You can also import all of the above functions by importing PWBM_Cloud_Utils.

import PWBM_Cloud_Utils as utils

Step 3: Define Main Function

Define a main() function in your main.py file to handle different execution environments (cloud or local):

import json
from pathlib import Path
import PWBM_Cloud_Utils as utils

def main():
    # Create config from your secrets credentials
    config = utils.IO_Config()
    # Note when cloud_data=False, the local_path used for io will default to HPC drive "//hpc3-fs.wharton.upenn.edu/PWBM"
    # if you want to set a different local_path you can do that as follows
    # config = utils.IO_Config(local_path = "some_other_folder/data")
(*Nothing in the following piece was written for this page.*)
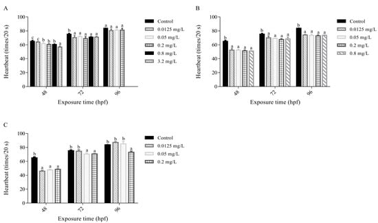 The heartbeat number in 20 s of embryos after exposure to PEG@Cu NCs (A), Kocide® 3000 (B) and Cu(CH3COO)2 (C) at different times. Values are shown as means ± SD. Different letters indicate significant differences (p < 0.05) at the same exposure time.
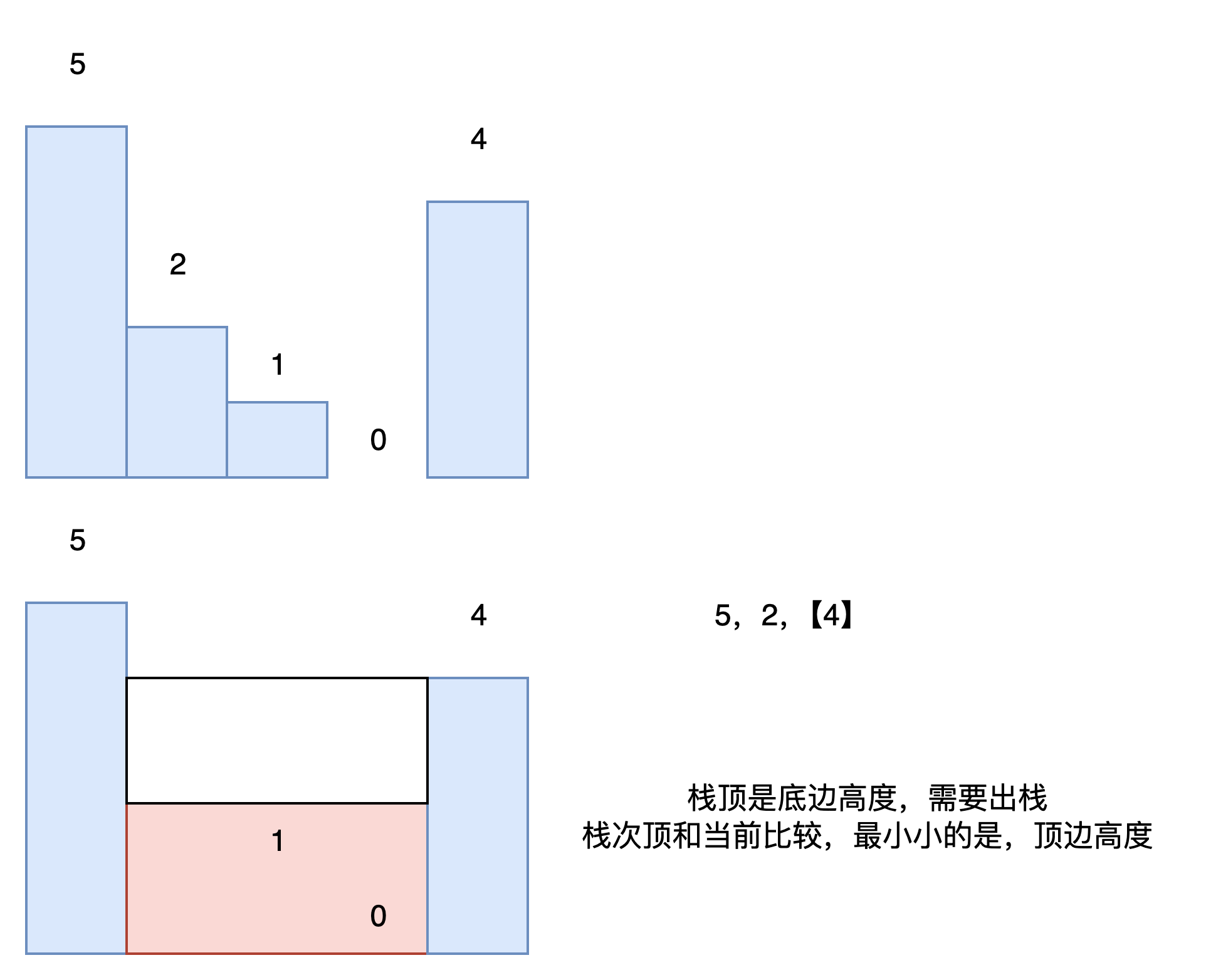 5 2 【4】 5 和 4 的下标之差 -1等于面积宽 5 4的最小值 时顶边的高度 2 是底边的高度

    # parse arguments from command line
    args = utils.Cloud_Utils.parse_args()

    if args.policy_id is not None:
        # Cloud version code

        cloud_main = utils.Cloud_Main(run_id=args.run_id, policy_id=args.policy_id)

        # Load data from the database
        NAME = cloud_main.Name
        OUTPUT_PATH = cloud_main.Output_Path # path to use when writing output
        RUNTIME_OPTIONS = cloud_main.Input_Config # includes "stacking_order", a list of policy_id in batch run
        POLICY_FILES = cloud_main.Policy_Files # gives you a list of dictionaries that contain file data

        # make list of policy files into a dictionary with full file name as key
        # Note: you don't need to do this, but makes demo more readable
        file_dict = {}
        for f in POLICY_FILES:
            file_dict[f"{f['name']}.{f['file_type']}"] = f

        # how to load a json parameter file into a dictionary
        json_dict = json.loads(file_dict["runtime1.json"]['data'])

        # how to load a csv parameter file into a pandas Dataframe
        csv_obj = io.StringIO(file_dict["parameters.csv"]['data'])
        csv_df = pd.read_csv(csv_obj)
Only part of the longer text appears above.